Images in this article created by MovGP (RAID-1+0, public domain) and Colin M. L. Burnett (all others, CC-SA) from Wikipedia.

This series is continued in Redundancy in Data Storage: Part 2: Geographical Replication.

About the Author

Michael Lyle (@MPLyle) is CTO and co-founder of Translattice, and is responsible for the company’s strategic technical direction.  He is a recognized leader in developing new technologies and has extensive experience in datacenter operations and distributed systems.

Share this:

  • Facebook
  • X

Related posts:

  1. Redundancy in Data Storage: Part 2: Geographical Replication
  2. Have We Taken Data Redundancy too Far?
  3. Data Center Bridging
  4. Storage Protocols
  5. Intel’s Betting the Storage I/O Farm on the CPU
Technical Deep Dive business continuitydisaster recoveryraidredundancy

Post navigation

Previous post
Next post

Related Posts

Server Networking With gen 2 UCS Hardware

October 22, 2011May 18, 2020

** this post has been slightly edited thanks to feedback from Sean McGee** In previous posts I’ve outlined: How UCS server failover occurs from a network perspective: http://www.definethecloud.net/ucs-server-failover How Inter-fabric traffic is handled in End-Host mode: http://www.definethecloud.net/inter-fabric-traffic-in-ucs How inter-fabric traffic is handled in switch mode: http://www.definethecloud.net/inter-fabric-traffic-in-ucspart-ii If you’re not familiar…

Share this:

  • Facebook
  • X
Read More

How to Boost Cloud Reliability

September 8, 2011May 18, 2020

Clouds fail.
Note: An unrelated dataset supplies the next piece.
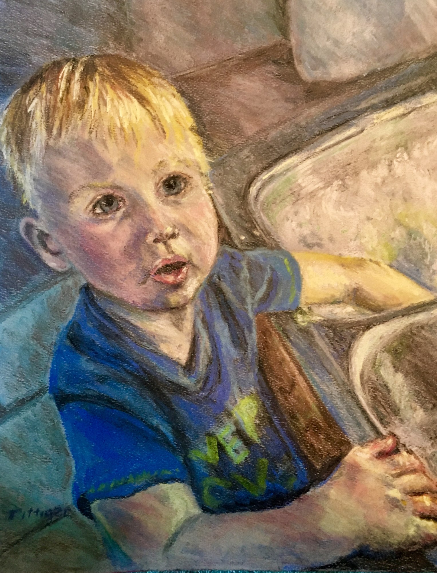 This is a pastel painting of my grandson. He gets so excited to do dishes. He always asks "Grandma I do dishes?"
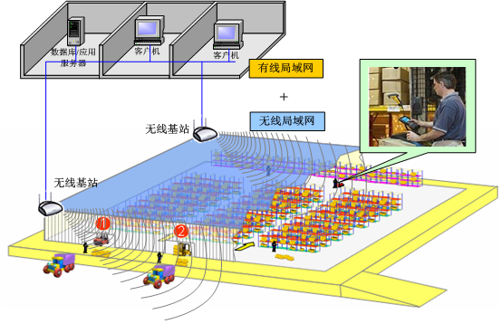 下圖是一個(gè)典型的無線倉儲(chǔ)系統(tǒng)網(wǎng)絡(luò)設(shè)計(jì)方案,用戶需要在現(xiàn)有的有線(局域)網(wǎng)絡(luò)基礎(chǔ)之上將其延伸至倉庫現(xiàn)場,使得無線網(wǎng)絡(luò)信號(hào)通過接入點(diǎn)的部署覆蓋需要的區(qū)域,現(xiàn)場操作者使用移動(dòng)終端設(shè)備可以實(shí)時(shí)與后臺(tái)系統(tǒng)進(jìn)行數(shù)...

That’s a fact. But if your company uses business apps that are tied to the availability of public cloud services, you can—and must—take steps to mitigate these failures by getting schooled on a few key factors:  service-level agreements (SLAs), redundancy options, application design, and the type of service…

Share this:

  • Facebook
  • X
Read More

What’s the deal with Quantized Congestion Notification (QCN)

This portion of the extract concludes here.